Occidentalism - Buruma


The meaning of occidentalism is related to orientalism; it is basically the hatred or hateful stereotyping of the West. How the West is defined has changed depending on the year and the context but it is often typified by France, America, the Anglosphere, or all of them combined and more. This book seeks to explore the history of the concept and give us a better understanding of modern manifestations of it.

The book wasn’t arranged chronologically, but that is how I’ll address the topic. Occidentalism began in Germany in the late 18th century, when England and France were fast modernizing and liberalizing while Germany had not reached it’s final unification and was still quite medieval. Writers at the time accused the West of worshiping money, having no values, no love of country, and basically being morally inferior to the German spirit.

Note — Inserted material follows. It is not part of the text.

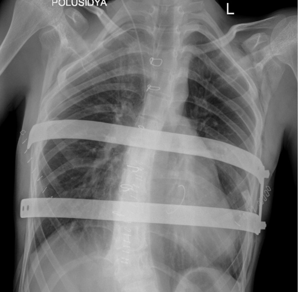 Компьютерная томография грудной клетки: определена деформация грудной клетки с воронкообразным компонентом, асимметричным, индекс Галлера 15,170 / индекс компрессии 0,154 / угол грудино-реберного комплекса 34° правосторонний. Консолидированная стернотомия в условиях проволочных серкляжных швов на 6 уровнях, дистальный край грудины в непосредственной близости от вентральной поверхности позвоночника и магистральных сосудов (аорта, нижняя полая вена). Определено опорное полукольцо сердца (пластика митрального клапана).

This attitude was later emulated in Russia which was a bit later to develop. Ironically, the pattern seems to be that there is a conversation going on in these countries about the trade-off that modernization offers, and modernization always wins. Russia ended up giving communism a good try which was pitched as a way to modernize without the perceived drawbacks that were seen in the West, but eventually gave up on that. Japan also had this struggle and during the Meiji Restoration there were many discussions about trying not to lose too much of the ancient Japanese culture. They seem to have struck a good balance. China went totally in for the communist idea and deliberately stomped out as much ancient culture as they could which was an utter failure. Now they seem to be following Japan’s model of economic liberalism with cultural conservatism and adding techno-fascism.

The book’s main concern, though, being that it was published in 2005, is the trend of occidentalism in worldwide Islam and the growth of fundamentalism as a backlash. These extremists’ most hated enemy is the United States and the West, but even local government officials in their countries, like in Egypt or Pakistan, are seen is serious enemies. To the extremists, to even have laws and a government outside of Sharia is a form of idolatry.

This book feels a bit out-dated but it was worth the read. The author does a good job of zooming out and putting these movements into perspective. The movement feels very much like the change from hunter-gatherers to agriculturalists. Most must have scoffed at it at the time, but the agriculturalists were too strong and grew too fast. Hunter-gatherers had no choice but to either join them or live in poverty in the mountains. It will be interesting to see if the Islamists like those who came before them turn into what they hate, the West.